Шаверни хотел, чтобы баск рассказал о том, что здесь произошло, но тот приписывал все заслуги Флор, которая, в свою очередь, от них отказывалась. Даже мадемуазель де Невер не удавалось их урезонить, чтобы объяснить, что же в действительности совершил каждый из них.
– Ты ничего не видела, – говорила донья Крус. – Ты была в обмороке, и Антонио нес тебя на руках, как ребенка; пока он в кровь обдирал себе пальцы, чтобы расчистить нам путь, ты без сознания лежала вот здесь…

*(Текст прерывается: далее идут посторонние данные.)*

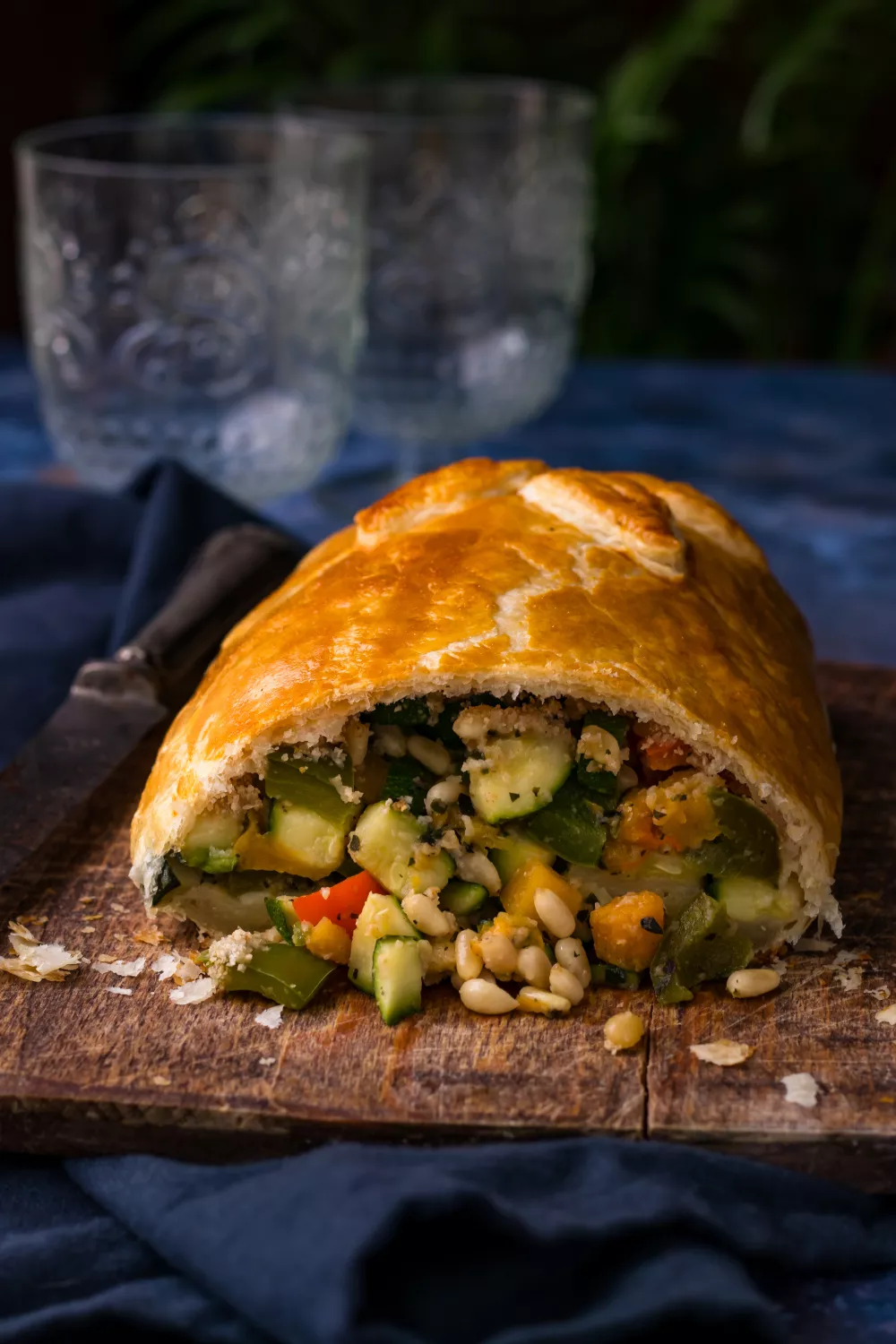 Schep het groentemengsel in het midden en vouw het bladerdeeg dicht om de vulling; vouw eerst de zijkanten en daarna de lange kanten. Draai de strudel om zodat de naad naar beneden ligt.

– Да, – подтвердил баск, невольно содрогнувшись, – а потом вы заставили ее идти во сне, как лунатика. Я никогда в жизни не испытывал страха, но когда увидел, что мадемуазель де Невер идет, вытянув руки, вся, как натянутая струна… она уверенно ступала в темноте и ни разу не споткнулась, а ведь вокруг было не видно ни зги!.. Я чуть не задрожал. В этом было что-то таинственное, чего я никогда, наверное, не пойму.
Цыганке пришлось рассказать, как силой своей воли и с помощью нескольких заклинаний, в тайну которых она была посвящена с детства, ей удалось заставить Аврору идти, когда та не могла держаться на ногах, и даже указывать остальным путь в кромешной тьме.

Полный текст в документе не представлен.